# "Don't Worry, Remove The Guard...."



## pops6927 (Mar 6, 2018)

I've actually seen this happen in meatrooms.  Meatcutters rushing to get 'stuff done', taking shortcuts, altering safety features on grinders, cubers, slicers, meat saws, etc.  That Guard mounted on the top of the meat tray preventing fingers from going down into the throat of the grinder, only allowing the plunger access to push down the meat faster?  Some remove it, drill out the rivets holding it in place to 'make things faster'.  Here is the outcome of that brilliant decision:








But, I've seen cutters taken to the hospital with their fingers, hand and part of their arm dragged off to the hospital and their hand and part of the arm cut off, but never actually seen the x-ray of it.  Gruesome, very gruesome.

Another scenario is when the magnetic latch on a cubing machine is bypassed so the cover can be removed so it's 'faster', running pieces of cube material through the cuber one right after another into a big pile, then repeating and laying out on trays.  BUT!  All it takes is a single fingertip to touch the cuber blades momentarily and your entire hand is sucked into the rotating fin blades and the machine stops and they have to call the Fire Department to bring in the Jaws of Life to break the whole machine apart to extract what is left of the hand or hands (the reaction is to grab the one hand with the other, damaging both hands).  I have witnessed this in meat rooms twice (luckily not where I was the manager, only a cutter).  I would never have allowed myself or any of my staff to have performed anything unsafely, but others have and have paid the severe price for it.

You can talk about man-hours or shorten clean-up (leading to bacteria and short shelf life on meats and unsanitary conditions) or anything else you want, but the GOLDEN RULE IS ALWAYS SAFETY FIRST!  I've paid the price myself, cut off a finger and a thumb (two separate incidents) by not working safely.  Luckily, not to the extent of the above, however!

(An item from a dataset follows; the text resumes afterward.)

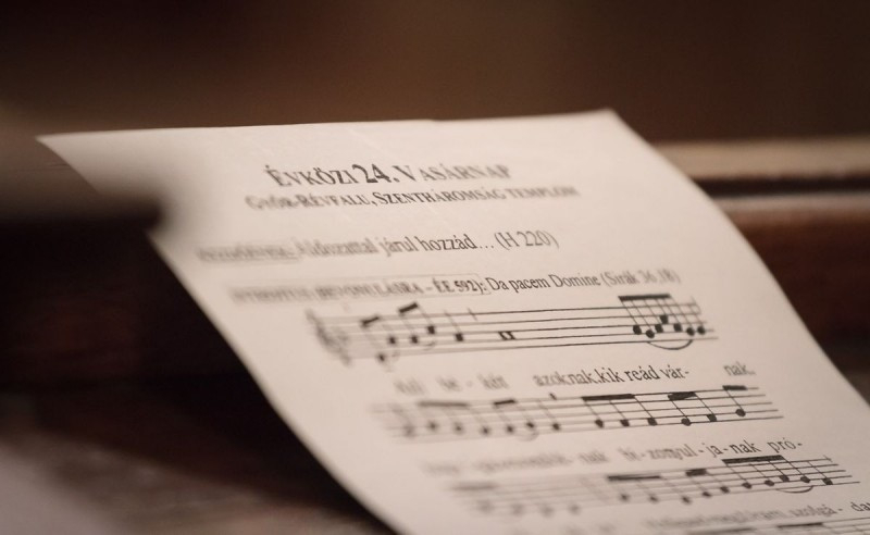Az orgonaművész elmondta, a korál szövege Luther Márton műve, a Veni Sancte Spiritus kezdetű latin himnusz német nyelvű, strófákba szedett átirata.

In anything you do, PLEASE BE SAFE!







Cube Steak Machine with the cuber blades shown.  They normally sit in the machine under the smoky cover and the cover is high enough to prevent fingers from getting close to the blades.  But, if you remove the cover, there is a magnetic switch at the bottom right front of the silver part of the machine.  There is a magnet embedded in the smoky plastic cover at the bottom left front of the cover.  When they connect, the machine will run.  As soon as you remove the cover everything stops.  BUT!  If you place a common button magnet on the machine with the cover removed, it will run, but endangering the operator severely.  Yes, 99 times you do it successfully.  But there's that one time when you get distracted (someone playing a practical joke, splashing you with water or accidentally nudging you, anything to distract your attention) and in 1/10th of 1 second it will suck your fingers into the machine, one or both hands of them.  BYPASSING THE SAFETY GUARDS IS NEVER A WISE OPTION!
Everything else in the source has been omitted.